Return the stretch from the line with "The stairs inside" through the line with "A medium shot" in the data below, character for character, skipping all pictures.

» Source information
····················

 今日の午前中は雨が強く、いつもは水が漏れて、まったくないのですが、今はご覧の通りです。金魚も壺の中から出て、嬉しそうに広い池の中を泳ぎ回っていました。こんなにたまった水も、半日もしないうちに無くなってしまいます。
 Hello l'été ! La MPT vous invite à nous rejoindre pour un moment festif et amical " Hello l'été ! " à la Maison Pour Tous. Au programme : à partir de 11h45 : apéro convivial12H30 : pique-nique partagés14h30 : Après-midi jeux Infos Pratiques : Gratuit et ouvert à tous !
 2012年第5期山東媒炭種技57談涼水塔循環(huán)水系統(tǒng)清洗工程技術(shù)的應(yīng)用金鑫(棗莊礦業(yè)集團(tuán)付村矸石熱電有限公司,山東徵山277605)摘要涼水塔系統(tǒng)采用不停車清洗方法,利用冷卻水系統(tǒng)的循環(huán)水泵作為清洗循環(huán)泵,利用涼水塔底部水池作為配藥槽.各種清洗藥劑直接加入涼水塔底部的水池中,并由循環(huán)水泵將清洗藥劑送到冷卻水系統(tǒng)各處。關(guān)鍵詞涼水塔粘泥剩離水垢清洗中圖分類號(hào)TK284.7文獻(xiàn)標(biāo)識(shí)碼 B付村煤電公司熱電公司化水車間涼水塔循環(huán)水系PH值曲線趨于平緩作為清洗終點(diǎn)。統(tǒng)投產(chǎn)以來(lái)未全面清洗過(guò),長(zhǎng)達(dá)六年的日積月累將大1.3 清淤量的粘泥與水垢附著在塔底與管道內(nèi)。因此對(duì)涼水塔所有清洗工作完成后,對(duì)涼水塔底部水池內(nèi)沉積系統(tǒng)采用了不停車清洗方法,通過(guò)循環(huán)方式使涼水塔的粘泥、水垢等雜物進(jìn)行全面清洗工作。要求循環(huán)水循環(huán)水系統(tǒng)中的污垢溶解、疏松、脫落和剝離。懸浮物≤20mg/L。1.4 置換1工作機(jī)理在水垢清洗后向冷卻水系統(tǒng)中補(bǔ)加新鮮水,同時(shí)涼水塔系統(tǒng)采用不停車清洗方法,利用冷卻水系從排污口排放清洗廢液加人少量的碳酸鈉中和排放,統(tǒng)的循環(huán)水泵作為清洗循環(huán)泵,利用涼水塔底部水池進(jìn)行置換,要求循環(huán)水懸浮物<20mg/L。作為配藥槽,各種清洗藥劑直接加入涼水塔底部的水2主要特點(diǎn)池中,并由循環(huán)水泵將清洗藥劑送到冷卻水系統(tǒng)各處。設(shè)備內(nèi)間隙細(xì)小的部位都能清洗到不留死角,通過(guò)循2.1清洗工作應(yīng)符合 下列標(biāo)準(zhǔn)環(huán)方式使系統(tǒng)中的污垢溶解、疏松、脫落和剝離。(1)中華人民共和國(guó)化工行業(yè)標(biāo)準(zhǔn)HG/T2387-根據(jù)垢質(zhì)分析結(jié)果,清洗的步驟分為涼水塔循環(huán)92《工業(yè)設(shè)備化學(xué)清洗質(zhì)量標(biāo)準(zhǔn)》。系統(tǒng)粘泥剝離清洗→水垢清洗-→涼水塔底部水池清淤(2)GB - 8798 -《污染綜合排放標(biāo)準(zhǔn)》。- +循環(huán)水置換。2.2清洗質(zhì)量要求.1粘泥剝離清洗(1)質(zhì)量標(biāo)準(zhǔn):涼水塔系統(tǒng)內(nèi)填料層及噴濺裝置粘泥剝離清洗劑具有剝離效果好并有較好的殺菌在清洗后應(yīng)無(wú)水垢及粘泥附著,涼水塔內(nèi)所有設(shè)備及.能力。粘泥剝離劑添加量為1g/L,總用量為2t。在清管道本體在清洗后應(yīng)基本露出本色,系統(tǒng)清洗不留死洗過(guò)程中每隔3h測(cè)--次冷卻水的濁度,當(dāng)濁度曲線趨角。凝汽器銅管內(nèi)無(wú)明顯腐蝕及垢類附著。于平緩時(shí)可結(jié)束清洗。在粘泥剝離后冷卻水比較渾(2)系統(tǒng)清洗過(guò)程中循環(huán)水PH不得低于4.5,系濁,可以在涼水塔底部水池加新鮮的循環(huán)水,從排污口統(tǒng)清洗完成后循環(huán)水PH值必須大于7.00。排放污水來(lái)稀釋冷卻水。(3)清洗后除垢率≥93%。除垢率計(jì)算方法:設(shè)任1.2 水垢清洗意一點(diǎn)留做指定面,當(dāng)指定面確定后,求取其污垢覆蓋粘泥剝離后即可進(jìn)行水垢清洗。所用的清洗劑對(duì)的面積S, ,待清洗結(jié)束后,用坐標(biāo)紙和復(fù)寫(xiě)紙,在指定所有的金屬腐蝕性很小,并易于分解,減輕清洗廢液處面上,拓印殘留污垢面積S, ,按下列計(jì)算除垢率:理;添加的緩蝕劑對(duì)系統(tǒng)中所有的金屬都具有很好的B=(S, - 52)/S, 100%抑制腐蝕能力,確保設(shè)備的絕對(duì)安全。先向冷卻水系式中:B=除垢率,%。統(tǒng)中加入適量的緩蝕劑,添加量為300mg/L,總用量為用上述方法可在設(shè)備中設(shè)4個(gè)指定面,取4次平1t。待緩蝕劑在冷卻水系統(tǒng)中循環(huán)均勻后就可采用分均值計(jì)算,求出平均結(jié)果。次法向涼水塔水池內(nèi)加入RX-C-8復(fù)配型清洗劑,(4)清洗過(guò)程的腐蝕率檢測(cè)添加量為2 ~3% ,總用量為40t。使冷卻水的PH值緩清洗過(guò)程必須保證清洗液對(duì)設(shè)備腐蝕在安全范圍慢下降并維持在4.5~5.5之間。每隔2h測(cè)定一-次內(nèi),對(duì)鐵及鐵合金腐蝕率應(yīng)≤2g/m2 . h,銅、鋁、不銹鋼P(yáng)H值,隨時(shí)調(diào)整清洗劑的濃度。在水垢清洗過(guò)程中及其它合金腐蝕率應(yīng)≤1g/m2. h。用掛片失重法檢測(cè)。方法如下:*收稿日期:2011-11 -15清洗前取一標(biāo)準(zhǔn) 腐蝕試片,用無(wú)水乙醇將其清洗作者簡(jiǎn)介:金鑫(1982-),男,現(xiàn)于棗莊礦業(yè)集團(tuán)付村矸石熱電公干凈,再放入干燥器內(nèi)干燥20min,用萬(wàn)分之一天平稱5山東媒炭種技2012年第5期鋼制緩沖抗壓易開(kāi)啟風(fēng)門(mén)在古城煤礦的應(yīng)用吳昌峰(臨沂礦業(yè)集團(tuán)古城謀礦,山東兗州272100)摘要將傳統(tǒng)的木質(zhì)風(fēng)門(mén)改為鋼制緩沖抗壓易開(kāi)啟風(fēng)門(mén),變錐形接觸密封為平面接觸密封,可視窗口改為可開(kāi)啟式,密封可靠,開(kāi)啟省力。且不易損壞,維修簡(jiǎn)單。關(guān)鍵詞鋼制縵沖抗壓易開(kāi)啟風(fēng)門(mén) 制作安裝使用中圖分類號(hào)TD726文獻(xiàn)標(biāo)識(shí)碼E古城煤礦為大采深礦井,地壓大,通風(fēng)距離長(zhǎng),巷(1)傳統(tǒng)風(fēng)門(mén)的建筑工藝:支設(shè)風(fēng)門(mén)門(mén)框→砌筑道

····················

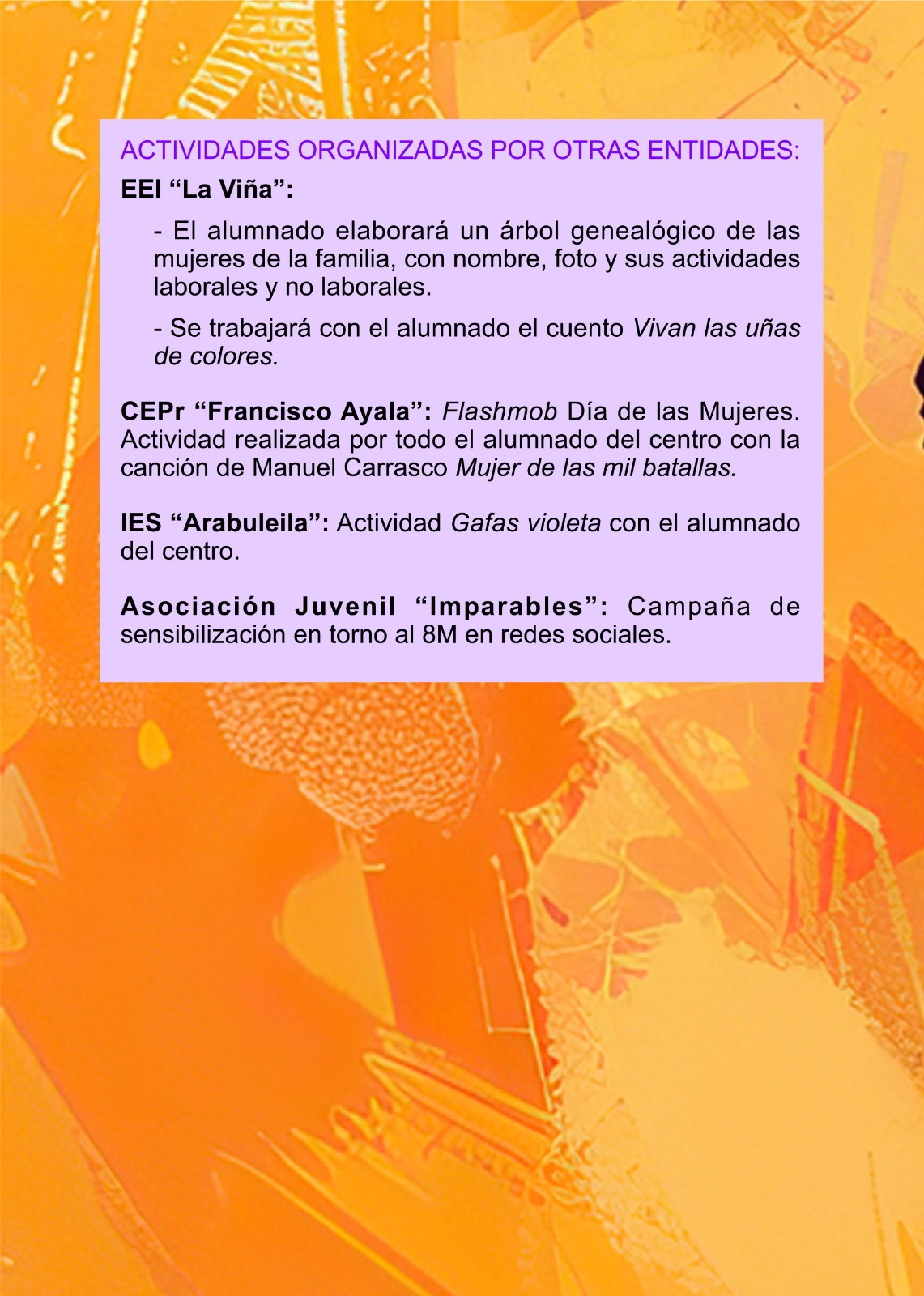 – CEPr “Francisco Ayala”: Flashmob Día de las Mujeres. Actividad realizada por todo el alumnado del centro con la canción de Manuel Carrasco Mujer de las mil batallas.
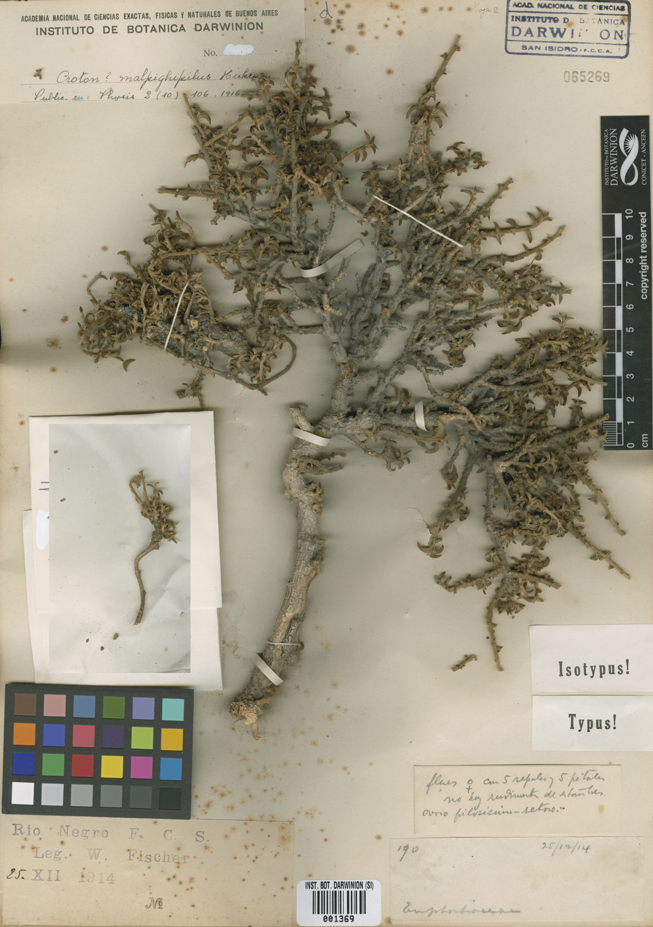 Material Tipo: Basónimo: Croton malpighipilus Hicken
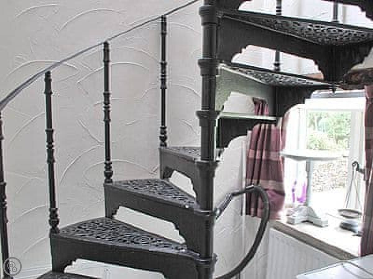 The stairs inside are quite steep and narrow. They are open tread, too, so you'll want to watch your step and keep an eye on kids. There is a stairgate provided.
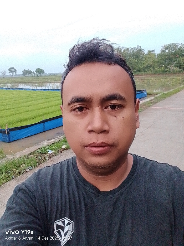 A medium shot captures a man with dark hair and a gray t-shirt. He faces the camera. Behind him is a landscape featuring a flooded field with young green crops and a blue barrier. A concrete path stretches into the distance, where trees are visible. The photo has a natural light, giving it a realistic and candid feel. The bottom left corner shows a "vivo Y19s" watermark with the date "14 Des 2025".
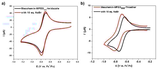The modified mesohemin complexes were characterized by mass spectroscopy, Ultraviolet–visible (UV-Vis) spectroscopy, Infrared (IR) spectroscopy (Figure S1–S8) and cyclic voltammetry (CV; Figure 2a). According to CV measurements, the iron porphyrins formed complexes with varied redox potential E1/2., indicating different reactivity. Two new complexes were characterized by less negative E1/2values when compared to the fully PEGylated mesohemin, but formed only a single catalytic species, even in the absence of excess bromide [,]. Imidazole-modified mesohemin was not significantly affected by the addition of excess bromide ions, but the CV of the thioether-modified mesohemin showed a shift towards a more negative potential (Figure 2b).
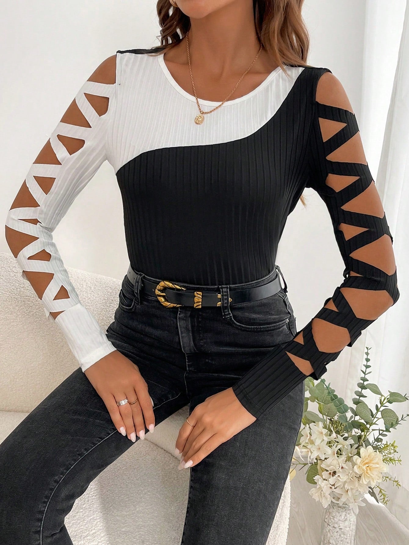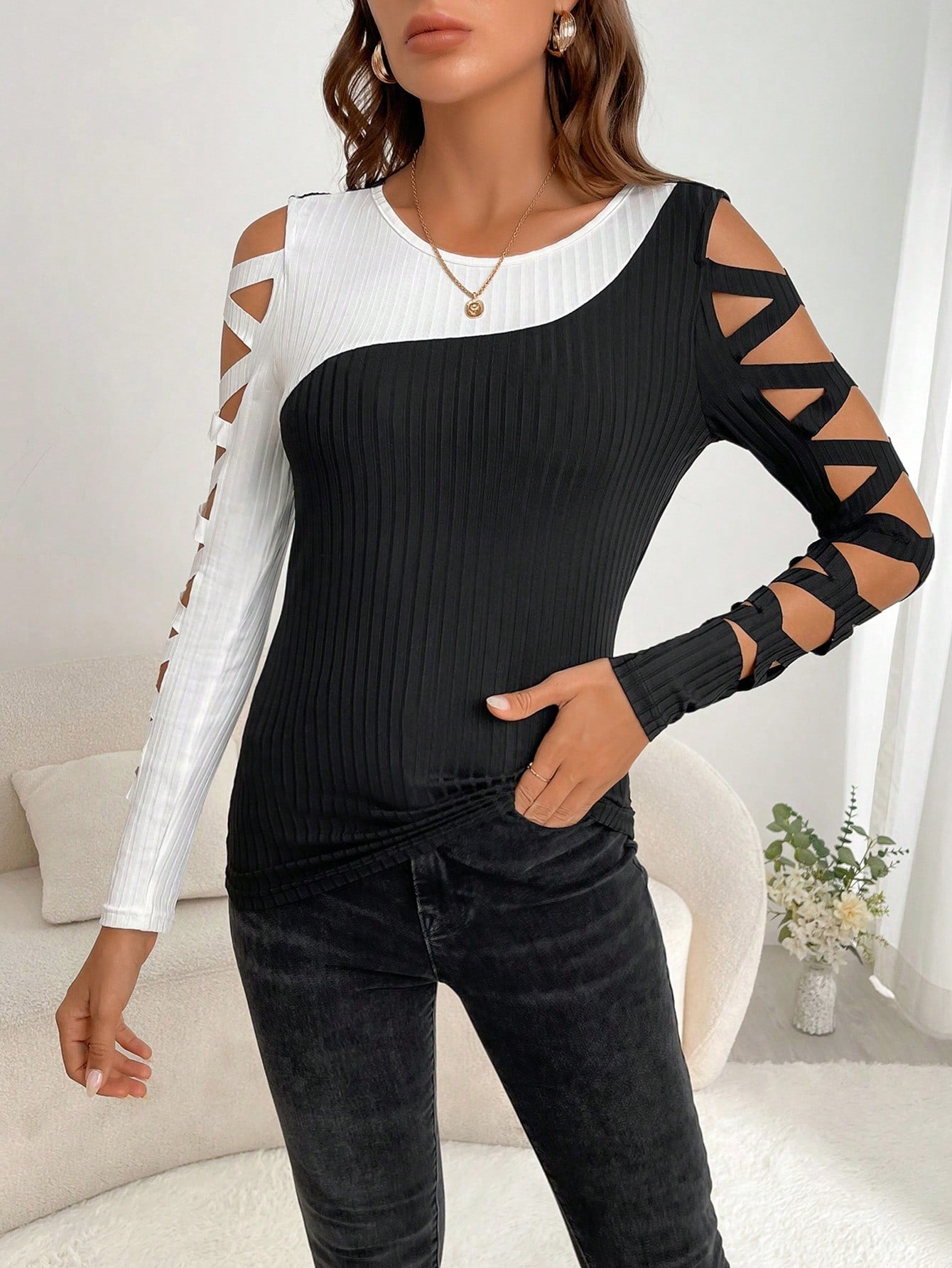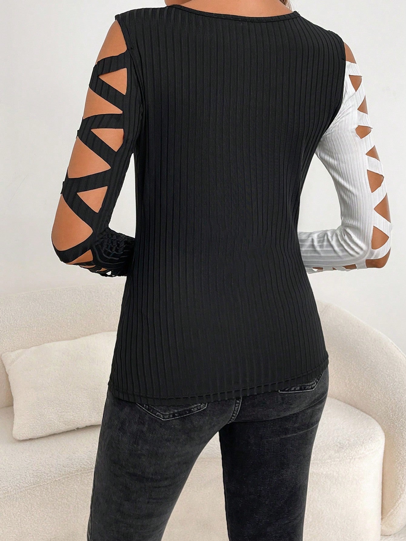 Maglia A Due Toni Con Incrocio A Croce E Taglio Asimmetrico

····················

» Written answer
 The stairs inside are quite steep and narrow. They are open tread, too, so you'll want to watch your step and keep an eye on kids. There is a stairgate provided.
 A medium shot captures a man with dark hair and a gray t-shirt. He faces the camera. Behind him is a landscape featuring a flooded field with young green crops and a blue barrier. A concrete path stretches into the distance, where trees are visible. The photo has a natural light, giving it a realistic and candid feel. The bottom left corner shows a "vivo Y19s" watermark with the date "14 Des 2025".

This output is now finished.